**AVAILABLE DATA**
+++++
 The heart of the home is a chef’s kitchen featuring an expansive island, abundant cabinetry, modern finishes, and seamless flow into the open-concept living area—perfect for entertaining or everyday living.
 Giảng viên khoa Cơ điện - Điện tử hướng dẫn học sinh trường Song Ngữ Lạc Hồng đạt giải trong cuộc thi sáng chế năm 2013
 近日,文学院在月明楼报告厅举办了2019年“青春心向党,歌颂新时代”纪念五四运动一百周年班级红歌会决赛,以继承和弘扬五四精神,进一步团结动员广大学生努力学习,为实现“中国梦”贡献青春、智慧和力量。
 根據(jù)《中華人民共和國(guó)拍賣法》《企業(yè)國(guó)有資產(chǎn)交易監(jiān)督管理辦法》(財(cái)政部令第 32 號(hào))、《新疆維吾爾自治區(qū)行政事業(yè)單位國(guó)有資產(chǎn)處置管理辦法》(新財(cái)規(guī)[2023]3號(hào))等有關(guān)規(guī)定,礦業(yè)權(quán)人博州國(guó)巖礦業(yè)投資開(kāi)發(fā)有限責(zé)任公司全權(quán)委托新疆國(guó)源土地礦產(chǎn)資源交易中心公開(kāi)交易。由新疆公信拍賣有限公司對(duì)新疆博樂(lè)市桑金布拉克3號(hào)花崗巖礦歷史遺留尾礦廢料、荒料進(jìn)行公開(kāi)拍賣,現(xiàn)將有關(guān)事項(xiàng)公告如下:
+++++
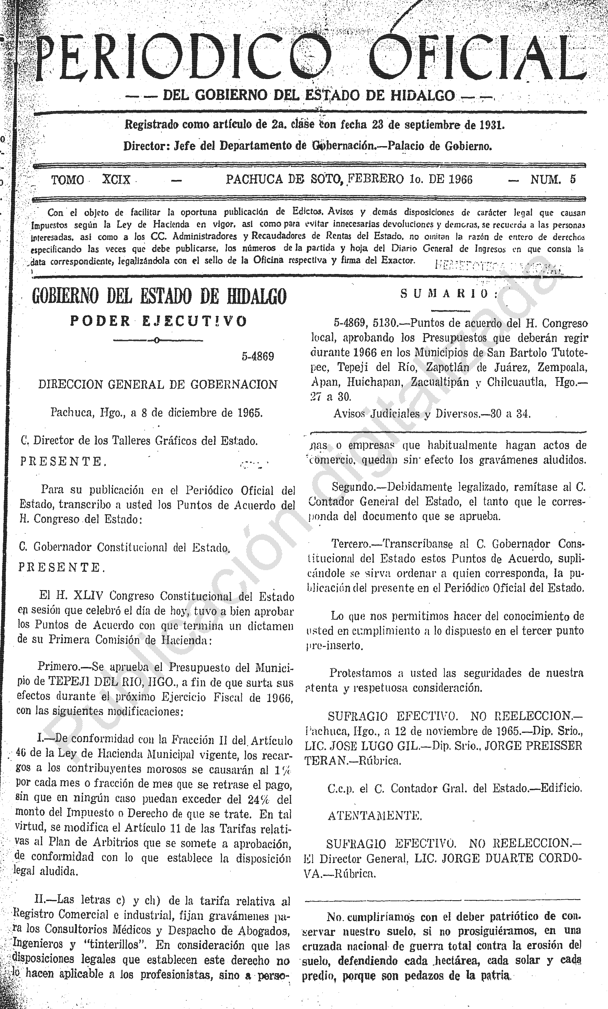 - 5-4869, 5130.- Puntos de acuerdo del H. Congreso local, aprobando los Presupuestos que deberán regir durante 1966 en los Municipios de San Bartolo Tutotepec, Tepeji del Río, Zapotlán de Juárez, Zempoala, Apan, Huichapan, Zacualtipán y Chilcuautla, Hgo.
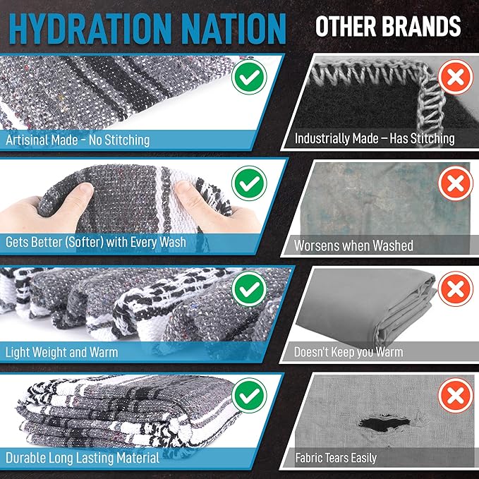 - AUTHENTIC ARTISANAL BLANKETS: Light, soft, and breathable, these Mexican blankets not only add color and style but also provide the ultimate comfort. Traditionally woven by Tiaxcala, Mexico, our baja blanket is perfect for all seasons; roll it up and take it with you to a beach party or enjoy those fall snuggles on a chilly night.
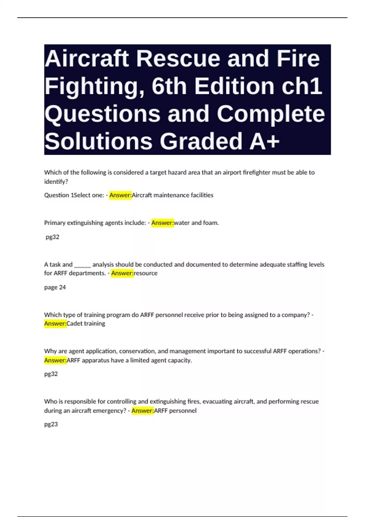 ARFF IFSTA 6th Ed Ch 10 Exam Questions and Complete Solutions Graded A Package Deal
+++++
**REQUIREMENT**
From the records above, print exactly the lines that run from the line with "The heart of" to the line with "近日,文学院在月明楼报告厅举", inclusive.

**SOLUTION FOR THIS PROBLEM**
 The heart of the home is a chef’s kitchen featuring an expansive island, abundant cabinetry, modern finishes, and seamless flow into the open-concept living area—perfect for entertaining or everyday living.
 Giảng viên khoa Cơ điện - Điện tử hướng dẫn học sinh trường Song Ngữ Lạc Hồng đạt giải trong cuộc thi sáng chế năm 2013
 近日,文学院在月明楼报告厅举办了2019年“青春心向党,歌颂新时代”纪念五四运动一百周年班级红歌会决赛,以继承和弘扬五四精神,进一步团结动员广大学生努力学习,为实现“中国梦”贡献青春、智慧和力量。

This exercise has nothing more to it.